The open data community, exemplified by the Open Knowledge network, is concerned with sustainable access in each of these domains. It is my belief that the value of data analysis grows in correlation with the number of degrees of openness (i.e. openness to fellow experts, to colleagues, the wider organization, fellow citizens, …) that are supported.

Definitions

Let us more precisely define the concept of Data as:

da•ta (dāˈtə, dătˈə, däˈtə)
- n.  Factual information, especially information organized
      for analysis or used to reason or make decisions.
- n.  Computer Science Numerical or other information represented
      in a form suitable for processing by computer.
- n.  Values derived from scientific experiments.

– Wikipedia

The concept of Open will be defined for our purposes as follows:

“A piece of content or data is open if anyone is free to use,
reuse, and redistribute it - subject only, at most, to the
requirement to attribute and share-alike."

– The Open Definition

Open Data is about open…

File formats, e.g. CSV
Licenses, e.g. ODC-BY
Schemata, e.g. Data Packages
Catalogues, e.g. CKAN
Tools, e.g. GoodTables
Communities, e.g. Opendata.ch

In Switzerland

Das Thema Open Data bewegt eine grosse Vielfalt von Akteuren in Behörden, Medien, Firmen und der wachsenden Schweizer Community einzelner Entwickler, Designer und Aktivisten. Die Dynamik ist da, der politische Wille entsteht, den Austausch findet statt.

(adapted from make.opendata.ch)

Here are some ‘Classic’ Swiss online data sources:

Government (BFS)
Geography (GeoAdmin)
Science (CERN)
…

The new Swiss Open Government Data platform, opendata.swiss, pulls numerous official datasets into one place:

–Screenshot of opendata.swiss

Such portals build upon the experience of numerous community projects and prior efforts to organize information online relevant to a diverse user base. The main function is to make important metadata - such as time of update, terms of use, ownership, typology, schema - available in one place, searchable and cross-referenceable.

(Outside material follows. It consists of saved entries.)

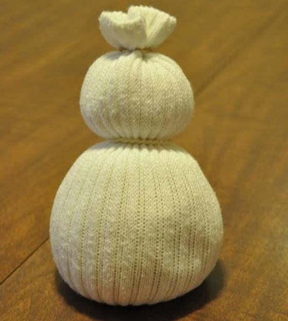 然后分两段塞入棉花绑紧,做出雪人的形状。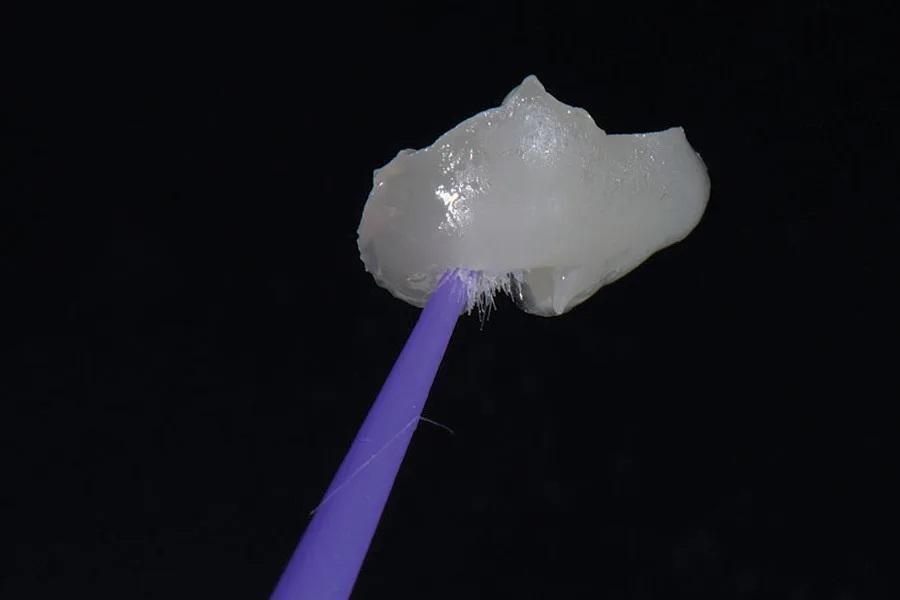 Фото 4. Светоотвержденный окклюзионный «штамп» с прикрепленной к нему микроручкой сняли с поверхности зуба 2.6.
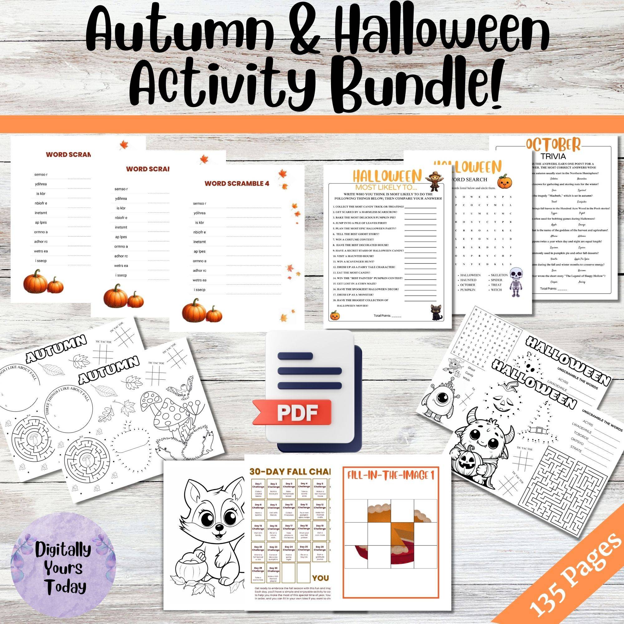 The Autumn & Halloween Bundle includes over 100 printable activities, games, and placemats — perfect for parents, teachers, or anyone hosting fall festivities. Just print and enjoy cozy, screen-free fun all season long.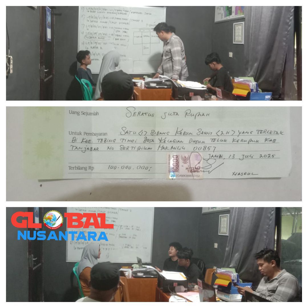 GlobalNusantara.id,Tanjung Jabung Barat, Agustus 2025 — Sengketa lahan sawit seluas dua hektare di Kecamatan Tebing Tinggi, Kabupaten Tanjung Jabung Barat (Tanjabar), Jambi, viral di media sosial setelah pembelinya yang sah, Awirman, tidak bisa menguasai kebun yang telah ia beli seharga Rp150 juta. Parahnya, buah sawit di lahan tersebut justru dipanen oleh pihak lain yang mengaku sebagai ahli waris.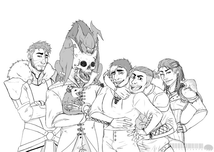 Huge #commission for @December_Lion with some other delightful fellows in the mix! ✨Darius, Rakan, Alister, and Tyrik!✨ 🐺🪄 -- #TFTuesday #TFEveryday #WerewolfWednesday #artistontwitter #digitalart

–Screenshot of opendata.swiss

They also host an important dialogue, serving to illustrate the challenges of publishing and reusing complex data, such as geographic data (“geodata”).

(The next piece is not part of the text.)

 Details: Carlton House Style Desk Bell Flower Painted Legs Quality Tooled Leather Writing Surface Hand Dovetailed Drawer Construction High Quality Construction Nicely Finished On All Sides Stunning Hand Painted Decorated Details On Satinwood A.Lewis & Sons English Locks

–Screenshot of map.geo.admin.ch

It is important to understand the Terms of use, both to be able to negotiate the various limitations and responsibilities placed on data reuse, as well as to consider the possible conditions under which future datasets are accessible.

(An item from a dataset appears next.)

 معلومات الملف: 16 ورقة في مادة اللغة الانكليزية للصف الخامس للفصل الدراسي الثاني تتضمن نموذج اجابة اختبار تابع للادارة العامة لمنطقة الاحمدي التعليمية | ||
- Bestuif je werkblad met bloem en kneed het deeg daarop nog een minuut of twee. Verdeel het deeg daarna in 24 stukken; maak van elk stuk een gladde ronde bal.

–Screenshot of opendata.swiss

Note that these Terms (Nutzungsbedingungen), while similar in form to the Creative Commons levels, are not the same as Licenses. These are often applied to open data internationally, providing firmer legal grounding for further use and support. See Open Licenses Service for examples.

Data authorship, protection, and general rights of data producers and users are in Switzerland currently undergoing intense development, and are targets of legal scrutiny and debate. Stay tuned!

Community

From the activity described above, partly an outcome of large international movements affecting all fields of business, academic and the civic sphere, partly the hard work of local changemakers.

The result is fertile ground for an ‘ecosystem’ of open data providers and builders. Here are some pseudorandom examples of Swiss open data community projects:

Open Budgets

Food Data Packages

Transport Open Data

… and many more.

Such communities endeavour to make data - already open data but in principle any data - even more usable and accessible to a wider public. One important vehicle is the Hackathon, a public event where data owners and users meet to work on brainstorming and prototyping possible new uses for data.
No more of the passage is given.